**ABOUT THIS TASK:** Exactly as they appear, restate the lines of the material, from the first through the one containing "Défis Nature /".

::::::

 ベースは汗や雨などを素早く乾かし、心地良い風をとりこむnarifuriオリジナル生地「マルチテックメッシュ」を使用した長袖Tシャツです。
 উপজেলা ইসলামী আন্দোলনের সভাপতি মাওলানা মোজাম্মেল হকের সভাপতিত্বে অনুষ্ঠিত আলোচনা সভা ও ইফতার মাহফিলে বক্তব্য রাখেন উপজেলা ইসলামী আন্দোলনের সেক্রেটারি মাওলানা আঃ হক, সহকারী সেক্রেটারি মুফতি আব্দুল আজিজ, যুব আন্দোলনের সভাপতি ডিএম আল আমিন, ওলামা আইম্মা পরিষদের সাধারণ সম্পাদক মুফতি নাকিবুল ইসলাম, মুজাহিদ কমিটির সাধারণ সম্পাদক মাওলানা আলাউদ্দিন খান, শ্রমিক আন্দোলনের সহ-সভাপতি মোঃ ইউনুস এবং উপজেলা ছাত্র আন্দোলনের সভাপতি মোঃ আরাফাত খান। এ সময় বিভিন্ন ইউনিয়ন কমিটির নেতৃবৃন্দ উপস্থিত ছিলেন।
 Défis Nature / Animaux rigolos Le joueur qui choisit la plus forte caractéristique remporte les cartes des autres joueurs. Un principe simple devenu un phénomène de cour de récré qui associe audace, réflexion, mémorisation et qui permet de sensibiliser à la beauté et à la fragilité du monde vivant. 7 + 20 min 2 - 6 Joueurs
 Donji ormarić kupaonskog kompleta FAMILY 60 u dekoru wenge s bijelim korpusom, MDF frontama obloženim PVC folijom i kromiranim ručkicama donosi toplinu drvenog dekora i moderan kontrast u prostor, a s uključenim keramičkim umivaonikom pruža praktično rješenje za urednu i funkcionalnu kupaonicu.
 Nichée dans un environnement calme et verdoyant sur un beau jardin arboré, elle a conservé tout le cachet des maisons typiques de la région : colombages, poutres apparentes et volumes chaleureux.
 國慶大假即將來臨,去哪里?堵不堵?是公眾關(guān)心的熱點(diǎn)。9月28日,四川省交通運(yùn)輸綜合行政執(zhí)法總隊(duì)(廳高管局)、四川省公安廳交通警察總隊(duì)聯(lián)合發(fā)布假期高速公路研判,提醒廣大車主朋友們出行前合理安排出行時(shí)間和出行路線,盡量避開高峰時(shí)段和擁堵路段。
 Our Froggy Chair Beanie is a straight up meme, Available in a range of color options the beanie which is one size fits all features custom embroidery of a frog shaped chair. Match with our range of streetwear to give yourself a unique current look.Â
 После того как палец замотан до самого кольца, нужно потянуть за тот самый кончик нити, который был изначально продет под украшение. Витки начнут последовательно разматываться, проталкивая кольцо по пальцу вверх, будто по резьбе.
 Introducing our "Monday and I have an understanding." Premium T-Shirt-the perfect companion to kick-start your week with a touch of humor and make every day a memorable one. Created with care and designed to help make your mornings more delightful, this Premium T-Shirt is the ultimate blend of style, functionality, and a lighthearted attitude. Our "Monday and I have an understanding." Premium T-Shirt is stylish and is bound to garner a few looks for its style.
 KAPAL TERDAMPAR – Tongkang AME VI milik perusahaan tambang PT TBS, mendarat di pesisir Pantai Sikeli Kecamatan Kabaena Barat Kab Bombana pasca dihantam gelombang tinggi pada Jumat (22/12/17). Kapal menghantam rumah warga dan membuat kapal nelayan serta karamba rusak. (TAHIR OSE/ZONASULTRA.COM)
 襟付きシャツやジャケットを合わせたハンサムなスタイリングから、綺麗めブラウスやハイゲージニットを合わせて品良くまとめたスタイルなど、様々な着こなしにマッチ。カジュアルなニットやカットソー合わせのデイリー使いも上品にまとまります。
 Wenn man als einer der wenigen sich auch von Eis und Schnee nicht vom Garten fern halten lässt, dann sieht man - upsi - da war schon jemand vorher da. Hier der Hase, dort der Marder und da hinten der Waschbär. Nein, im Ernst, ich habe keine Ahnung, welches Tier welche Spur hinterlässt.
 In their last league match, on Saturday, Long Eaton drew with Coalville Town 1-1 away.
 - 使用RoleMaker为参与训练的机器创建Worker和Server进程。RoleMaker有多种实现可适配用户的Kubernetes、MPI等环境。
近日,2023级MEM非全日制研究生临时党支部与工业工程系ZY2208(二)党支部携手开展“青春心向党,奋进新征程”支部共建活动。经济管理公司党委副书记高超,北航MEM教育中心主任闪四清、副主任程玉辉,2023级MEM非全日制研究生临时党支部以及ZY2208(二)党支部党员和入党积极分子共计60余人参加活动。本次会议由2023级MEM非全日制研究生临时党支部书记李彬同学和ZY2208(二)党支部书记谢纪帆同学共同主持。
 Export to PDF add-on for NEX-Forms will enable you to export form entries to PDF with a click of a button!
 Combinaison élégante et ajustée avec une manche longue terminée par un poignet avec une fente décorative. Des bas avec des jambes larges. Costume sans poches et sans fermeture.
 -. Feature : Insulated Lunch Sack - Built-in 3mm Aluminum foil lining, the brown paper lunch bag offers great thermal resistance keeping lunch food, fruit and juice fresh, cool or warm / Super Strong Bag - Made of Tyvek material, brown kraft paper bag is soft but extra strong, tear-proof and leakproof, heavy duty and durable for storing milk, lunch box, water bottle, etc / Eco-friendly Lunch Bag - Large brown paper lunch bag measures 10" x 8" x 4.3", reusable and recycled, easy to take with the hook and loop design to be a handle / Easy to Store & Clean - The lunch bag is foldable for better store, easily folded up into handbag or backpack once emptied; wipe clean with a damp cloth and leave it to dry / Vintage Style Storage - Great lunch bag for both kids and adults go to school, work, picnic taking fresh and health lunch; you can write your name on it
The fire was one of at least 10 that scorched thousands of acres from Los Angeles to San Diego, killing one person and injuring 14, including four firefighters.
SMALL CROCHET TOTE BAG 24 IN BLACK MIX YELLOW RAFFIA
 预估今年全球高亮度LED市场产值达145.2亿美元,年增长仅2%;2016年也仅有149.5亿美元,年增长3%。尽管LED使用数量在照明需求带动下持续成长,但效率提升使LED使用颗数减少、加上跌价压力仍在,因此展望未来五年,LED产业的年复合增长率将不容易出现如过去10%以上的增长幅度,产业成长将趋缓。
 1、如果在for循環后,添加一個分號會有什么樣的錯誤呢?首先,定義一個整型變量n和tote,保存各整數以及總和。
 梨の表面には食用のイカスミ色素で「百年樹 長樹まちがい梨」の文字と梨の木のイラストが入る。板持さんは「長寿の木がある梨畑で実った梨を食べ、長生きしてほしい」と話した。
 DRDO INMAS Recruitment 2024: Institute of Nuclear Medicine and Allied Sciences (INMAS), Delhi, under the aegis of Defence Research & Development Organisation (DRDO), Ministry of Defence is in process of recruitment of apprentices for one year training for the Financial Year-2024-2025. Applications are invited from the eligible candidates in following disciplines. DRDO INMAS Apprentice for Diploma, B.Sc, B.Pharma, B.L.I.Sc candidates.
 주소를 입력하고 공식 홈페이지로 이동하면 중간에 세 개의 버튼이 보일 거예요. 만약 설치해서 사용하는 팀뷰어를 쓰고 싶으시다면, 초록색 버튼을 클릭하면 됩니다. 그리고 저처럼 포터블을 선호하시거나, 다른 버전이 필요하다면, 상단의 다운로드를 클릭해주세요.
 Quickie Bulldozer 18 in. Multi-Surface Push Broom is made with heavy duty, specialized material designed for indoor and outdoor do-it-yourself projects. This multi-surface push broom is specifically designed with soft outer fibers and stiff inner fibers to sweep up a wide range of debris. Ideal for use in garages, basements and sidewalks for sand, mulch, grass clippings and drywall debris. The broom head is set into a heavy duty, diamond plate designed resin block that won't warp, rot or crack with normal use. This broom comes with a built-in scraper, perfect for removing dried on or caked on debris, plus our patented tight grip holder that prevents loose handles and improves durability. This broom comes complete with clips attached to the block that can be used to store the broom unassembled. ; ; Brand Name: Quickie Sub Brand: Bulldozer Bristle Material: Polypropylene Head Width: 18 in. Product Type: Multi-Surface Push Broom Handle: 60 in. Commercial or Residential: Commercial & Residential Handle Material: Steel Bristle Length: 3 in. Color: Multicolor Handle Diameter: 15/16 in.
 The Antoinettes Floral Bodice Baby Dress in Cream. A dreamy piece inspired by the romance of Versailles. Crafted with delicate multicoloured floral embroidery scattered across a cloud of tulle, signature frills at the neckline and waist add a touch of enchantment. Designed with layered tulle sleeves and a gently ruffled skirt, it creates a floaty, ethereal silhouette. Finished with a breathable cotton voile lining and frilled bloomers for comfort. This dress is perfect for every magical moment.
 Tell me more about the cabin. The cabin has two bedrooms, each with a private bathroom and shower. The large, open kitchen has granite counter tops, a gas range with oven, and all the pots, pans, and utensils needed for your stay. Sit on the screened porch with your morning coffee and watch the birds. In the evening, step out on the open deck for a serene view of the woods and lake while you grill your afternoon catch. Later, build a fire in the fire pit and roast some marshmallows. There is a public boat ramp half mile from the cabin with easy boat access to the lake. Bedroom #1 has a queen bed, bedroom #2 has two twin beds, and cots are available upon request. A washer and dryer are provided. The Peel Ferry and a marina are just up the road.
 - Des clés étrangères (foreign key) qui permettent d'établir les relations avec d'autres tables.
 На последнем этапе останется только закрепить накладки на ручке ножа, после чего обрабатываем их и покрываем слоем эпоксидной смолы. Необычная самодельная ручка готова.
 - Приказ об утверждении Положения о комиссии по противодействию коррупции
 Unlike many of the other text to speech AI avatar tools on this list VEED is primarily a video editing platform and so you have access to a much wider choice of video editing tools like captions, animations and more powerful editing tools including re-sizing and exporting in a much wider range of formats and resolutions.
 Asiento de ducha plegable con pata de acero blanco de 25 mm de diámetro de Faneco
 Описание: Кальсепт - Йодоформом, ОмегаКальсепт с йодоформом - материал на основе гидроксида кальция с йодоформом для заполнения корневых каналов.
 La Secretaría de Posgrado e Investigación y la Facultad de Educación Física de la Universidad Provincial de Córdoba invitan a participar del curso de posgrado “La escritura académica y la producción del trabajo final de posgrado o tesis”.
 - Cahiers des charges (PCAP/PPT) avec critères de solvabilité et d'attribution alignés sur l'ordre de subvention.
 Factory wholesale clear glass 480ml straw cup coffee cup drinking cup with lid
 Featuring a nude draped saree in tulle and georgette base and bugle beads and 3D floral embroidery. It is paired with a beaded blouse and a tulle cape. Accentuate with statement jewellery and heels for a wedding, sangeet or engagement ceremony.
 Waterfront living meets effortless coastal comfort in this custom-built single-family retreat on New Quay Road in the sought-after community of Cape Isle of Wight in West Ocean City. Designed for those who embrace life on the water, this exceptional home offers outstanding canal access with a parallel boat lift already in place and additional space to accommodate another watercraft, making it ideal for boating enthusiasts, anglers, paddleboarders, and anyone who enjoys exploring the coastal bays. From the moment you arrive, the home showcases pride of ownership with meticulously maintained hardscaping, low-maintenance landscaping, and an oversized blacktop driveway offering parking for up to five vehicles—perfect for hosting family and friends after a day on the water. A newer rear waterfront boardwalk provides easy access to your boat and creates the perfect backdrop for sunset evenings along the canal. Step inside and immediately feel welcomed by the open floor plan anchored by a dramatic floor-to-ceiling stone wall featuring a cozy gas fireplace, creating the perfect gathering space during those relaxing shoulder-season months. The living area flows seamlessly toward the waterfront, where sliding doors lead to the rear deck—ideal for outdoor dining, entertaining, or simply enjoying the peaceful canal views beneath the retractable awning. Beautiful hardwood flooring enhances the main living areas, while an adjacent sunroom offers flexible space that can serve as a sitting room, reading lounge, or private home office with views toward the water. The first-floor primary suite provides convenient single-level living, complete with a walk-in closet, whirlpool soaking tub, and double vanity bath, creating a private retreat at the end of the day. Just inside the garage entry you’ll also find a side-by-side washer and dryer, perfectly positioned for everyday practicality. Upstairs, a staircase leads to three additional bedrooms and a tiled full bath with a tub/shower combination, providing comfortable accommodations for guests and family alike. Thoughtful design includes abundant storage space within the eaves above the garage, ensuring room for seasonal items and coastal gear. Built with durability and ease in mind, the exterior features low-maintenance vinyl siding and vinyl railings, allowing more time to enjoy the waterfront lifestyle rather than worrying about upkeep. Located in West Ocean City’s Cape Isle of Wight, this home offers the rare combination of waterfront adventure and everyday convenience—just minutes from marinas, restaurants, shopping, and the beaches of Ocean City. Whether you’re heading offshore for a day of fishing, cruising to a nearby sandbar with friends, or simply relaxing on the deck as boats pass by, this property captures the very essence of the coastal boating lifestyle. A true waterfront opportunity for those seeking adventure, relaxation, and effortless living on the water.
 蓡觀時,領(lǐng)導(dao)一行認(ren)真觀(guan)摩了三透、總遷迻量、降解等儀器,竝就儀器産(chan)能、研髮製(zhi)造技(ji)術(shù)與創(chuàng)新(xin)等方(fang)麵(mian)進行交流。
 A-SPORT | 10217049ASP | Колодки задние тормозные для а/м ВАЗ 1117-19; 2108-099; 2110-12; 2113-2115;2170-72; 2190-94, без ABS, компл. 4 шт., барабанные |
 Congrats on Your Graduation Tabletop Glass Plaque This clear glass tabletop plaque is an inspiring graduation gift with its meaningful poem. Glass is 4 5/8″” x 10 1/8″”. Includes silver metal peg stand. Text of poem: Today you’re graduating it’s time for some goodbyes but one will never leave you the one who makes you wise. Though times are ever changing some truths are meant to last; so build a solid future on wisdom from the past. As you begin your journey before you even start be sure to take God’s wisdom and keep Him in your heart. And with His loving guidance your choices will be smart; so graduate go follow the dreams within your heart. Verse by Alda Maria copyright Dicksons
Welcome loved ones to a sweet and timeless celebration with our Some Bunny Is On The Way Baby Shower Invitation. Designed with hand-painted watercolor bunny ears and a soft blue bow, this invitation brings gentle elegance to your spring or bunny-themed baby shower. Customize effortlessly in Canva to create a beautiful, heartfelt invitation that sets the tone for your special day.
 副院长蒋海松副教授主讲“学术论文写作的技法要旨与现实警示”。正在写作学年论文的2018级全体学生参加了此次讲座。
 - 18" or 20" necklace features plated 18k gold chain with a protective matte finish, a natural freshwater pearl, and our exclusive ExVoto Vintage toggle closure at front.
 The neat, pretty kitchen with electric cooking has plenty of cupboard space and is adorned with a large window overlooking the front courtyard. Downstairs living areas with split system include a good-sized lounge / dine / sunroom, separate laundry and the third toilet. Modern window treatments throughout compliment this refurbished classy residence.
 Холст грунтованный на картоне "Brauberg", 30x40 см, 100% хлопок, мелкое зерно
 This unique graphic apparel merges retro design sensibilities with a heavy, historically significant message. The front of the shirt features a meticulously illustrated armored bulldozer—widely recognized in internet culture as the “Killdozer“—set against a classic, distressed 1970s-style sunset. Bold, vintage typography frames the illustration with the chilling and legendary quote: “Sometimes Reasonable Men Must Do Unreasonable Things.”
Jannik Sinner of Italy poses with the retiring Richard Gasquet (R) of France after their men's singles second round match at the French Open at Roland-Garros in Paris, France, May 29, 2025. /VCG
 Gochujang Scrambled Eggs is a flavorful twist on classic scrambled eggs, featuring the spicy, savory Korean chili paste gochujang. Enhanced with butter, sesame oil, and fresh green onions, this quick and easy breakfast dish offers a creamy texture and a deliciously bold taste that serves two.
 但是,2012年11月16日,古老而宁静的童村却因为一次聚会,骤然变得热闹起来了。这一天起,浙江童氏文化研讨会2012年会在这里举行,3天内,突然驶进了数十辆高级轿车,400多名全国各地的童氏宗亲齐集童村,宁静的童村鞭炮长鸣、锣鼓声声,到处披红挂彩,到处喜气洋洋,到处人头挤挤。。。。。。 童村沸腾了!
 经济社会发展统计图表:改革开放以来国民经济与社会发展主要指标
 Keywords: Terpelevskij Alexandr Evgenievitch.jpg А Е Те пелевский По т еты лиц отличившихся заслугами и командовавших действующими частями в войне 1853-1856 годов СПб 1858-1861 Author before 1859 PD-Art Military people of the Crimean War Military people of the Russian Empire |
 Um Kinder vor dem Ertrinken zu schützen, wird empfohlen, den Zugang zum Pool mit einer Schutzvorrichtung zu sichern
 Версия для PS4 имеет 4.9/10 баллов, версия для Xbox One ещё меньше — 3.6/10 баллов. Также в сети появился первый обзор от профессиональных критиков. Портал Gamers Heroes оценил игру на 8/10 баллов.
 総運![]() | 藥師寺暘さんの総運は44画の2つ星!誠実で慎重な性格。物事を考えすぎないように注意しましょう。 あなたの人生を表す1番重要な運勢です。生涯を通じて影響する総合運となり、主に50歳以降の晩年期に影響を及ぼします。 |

::::::

**SOLUTION TO THE PROBLEM:**
 ベースは汗や雨などを素早く乾かし、心地良い風をとりこむnarifuriオリジナル生地「マルチテックメッシュ」を使用した長袖Tシャツです。
 উপজেলা ইসলামী আন্দোলনের সভাপতি মাওলানা মোজাম্মেল হকের সভাপতিত্বে অনুষ্ঠিত আলোচনা সভা ও ইফতার মাহফিলে বক্তব্য রাখেন উপজেলা ইসলামী আন্দোলনের সেক্রেটারি মাওলানা আঃ হক, সহকারী সেক্রেটারি মুফতি আব্দুল আজিজ, যুব আন্দোলনের সভাপতি ডিএম আল আমিন, ওলামা আইম্মা পরিষদের সাধারণ সম্পাদক মুফতি নাকিবুল ইসলাম, মুজাহিদ কমিটির সাধারণ সম্পাদক মাওলানা আলাউদ্দিন খান, শ্রমিক আন্দোলনের সহ-সভাপতি মোঃ ইউনুস এবং উপজেলা ছাত্র আন্দোলনের সভাপতি মোঃ আরাফাত খান। এ সময় বিভিন্ন ইউনিয়ন কমিটির নেতৃবৃন্দ উপস্থিত ছিলেন।
 Défis Nature / Animaux rigolos Le joueur qui choisit la plus forte caractéristique remporte les cartes des autres joueurs. Un principe simple devenu un phénomène de cour de récré qui associe audace, réflexion, mémorisation et qui permet de sensibiliser à la beauté et à la fragilité du monde vivant. 7 + 20 min 2 - 6 Joueurs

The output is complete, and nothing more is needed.